There is an urgent need for independent, rigorous evidence on the mental health implications of any measures introduced. Wellcome will support multidisciplinary research teams to deliver robust, policy relevant evaluations of any policy changes, with mental health impacts as the primary focus.
Wellcome’s mental health programme Wellcome aims to drive new and improved early interventions for anxiety, depression, and psychosis, emphasising personalised treatment options that span pharmaceutical, psychological and social interventions, and digital approaches. We do this in collaboration with the people most affected. Find out more about our mental health programme.
These teams will work in a cohort to deliver a complementary set of evaluations, and study design will be guided by expert recommendations supported by Wellcome.

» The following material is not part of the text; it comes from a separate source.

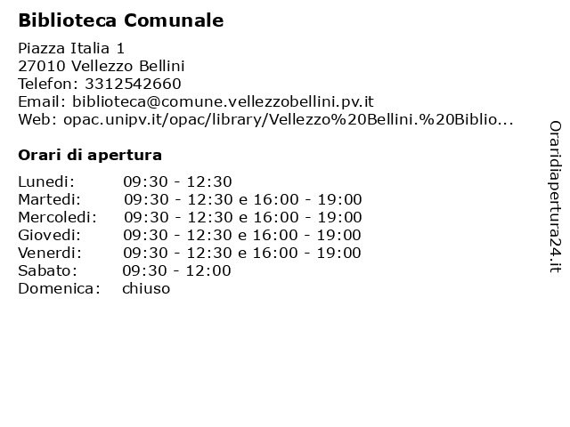 | Martedi | 09:30-12:30 e 16:00-19:00 |

We are particularly interested in teams that can demonstrate: 1.
Strong, existing access to populations and data Teams should have established research access to children and young people through, but not limited to, largescale cohorts, longitudinal studies, school networks, population panels or community embedded partnerships that already collect repeated or long-term data and can quickly extend this work to evaluate policy impacts.

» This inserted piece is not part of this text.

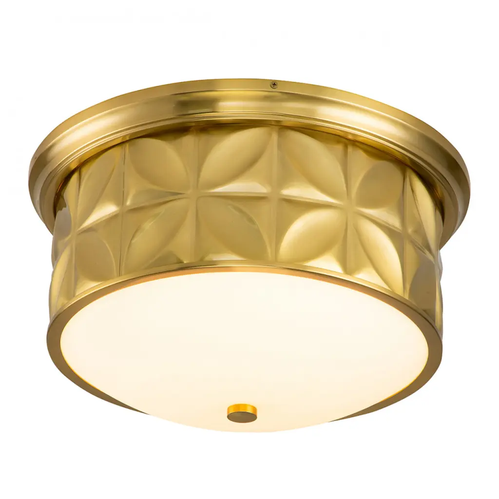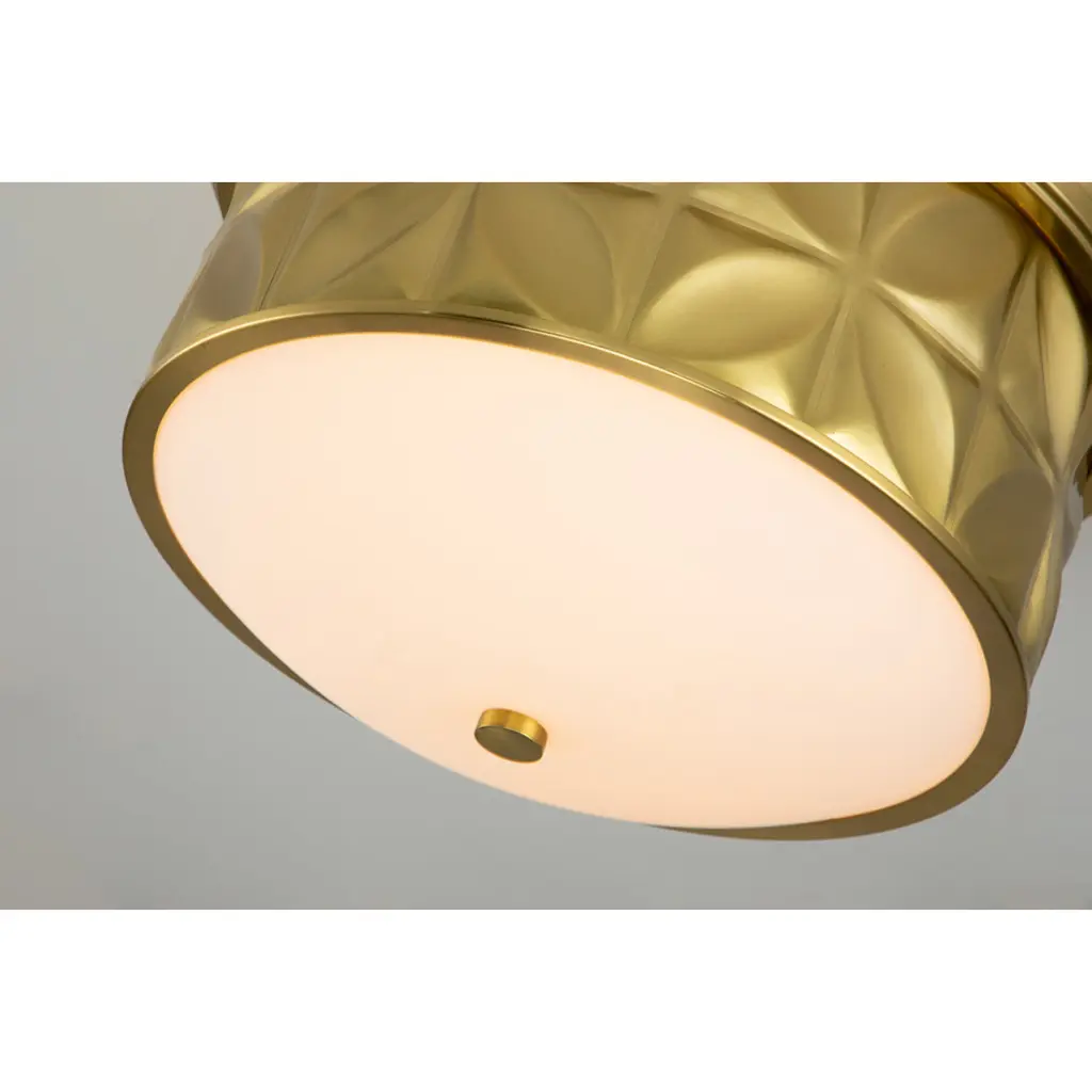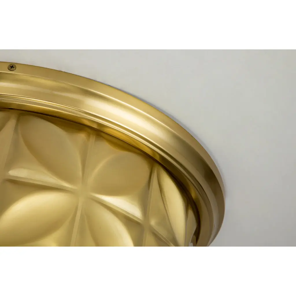 Always looking to add texture and dimension to a room, we created the perfect 17.5 inch round flush mount ceiling light. The sophisticated design of this lighting fixture uses shape and its aged brass finish to add traditional design and eye-catching appeal. Approved for damp location, this flush mount will work in a bathroom design as well as a kitchen or living room space. The creamy white glass allows just the right amount of light to create a beautiful, flattering ambiance giving off just the right amount of light.

Teams must be able to draw on research active participant groups, and existing data linkage systems. We are also interested in groups who may be disproportionately affected by restrictions, such as children from low-income families, LGBTQ+ youth, rural and remote communities and migrant communities.
Importantly, applicants must be able to collect baseline data before any government measures are introduced, ensuring strong pre-post or staggered rollout comparisons. Work is expected to start as early as October 2026. 2.
Expertise in youth mental health and digital behaviour Teams must have strong expertise in adolescent mental health and digital behaviour, and the ability to implement validated, clinically meaningful measures suitable for repeated and time sensitive evaluation.
Applicants must understand digital technology use in ways that go beyond screentime metrics and be capable of examining the specific features of digital media that may influence mental health (for example, algorithms, infinite scroll). 3. Capability for robust causal and real-world evaluation Teams must be able to apply study designs to evaluate real-world policy implementation.
They must have the ability to deliver rapid evaluation, including mobilising field work or data pipelines quickly. Teams must be ready to begin work as early as October 2026. We expect evaluations to run for a minimum of one year.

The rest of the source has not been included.